Between 1906 and 1908, Smith was in and out of the Surrey team, but he still headed the averages in 1908 with 58 wickets for just over 14 each. However, it was in 1909 that "Razor" became one of the leading bowlers of the day – despite injuries again keeping him out of many games. He took 95 wickets for under 13 runs each in a wet summer, and his dismissal of Yorkshire for 26 caused a sensation.

It was in 1910 that "Razor" reached the zenith of his fame: his 247 wickets was 72 ahead of his nearest rival and cost only fractionally more than in 1909. With many soft wickets, Smith was frequently unplayable, and the amount of work he got through seemed to shatter thoughts his body was fragile. His success was due in part to a new delivery, a fast kicking leg break in addition to his usual sharp off spinner. Many of his wickets came courtesy of the brave close fielding of Bill Hitch at short leg. Smith took 14 for 29 at the Oval against Northamptonshire, doing the hat-trick in the second innings and being denied one in the first by a dropped catch.

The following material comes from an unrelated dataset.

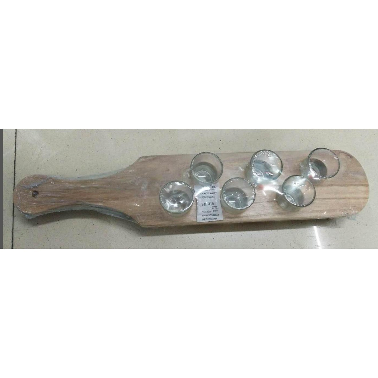 3. Suport din Lemn - Organizare si Prezentare Impecabila: Setul vine cu un suport elegant din lemn, care nu doar ofera un loc de depozitare pentru pahare, ci si un aspect estetic deosebit, facilitand prezentarea lor intr-un mod ordonat si placut ochiului.

In 1911, despite most pitches being totally unhelpful in an exceptionally dry summer, Smith seized his few chances so well that he was second highest wicket-taker in the country with 160. 1912 was a wet summer that suited Smith's bowling, yet prior to the last three games he had been so out of form – bowling when clearly unfit – that he had the poor record of 69 wickets at 21.43 each. Deadly bowling in the last three games improved his record, yet he was a complete failure (aside from his only first-class century at No. 11) on a Marylebone Cricket Club (MCC) tour of the West Indies. 1913 was basically a repeat of 1912 – "Razor" came into form only at the tail end of the season – and in 1914 Smith could rarely play due to injuries continuing to recur.

After World War I, it was clear "Razor"’s body would not allow him to play more cricket, and he spent the rest of his life working for the bat firm Surridge’s. Smith worked there right up until his death from heart failure in 1946.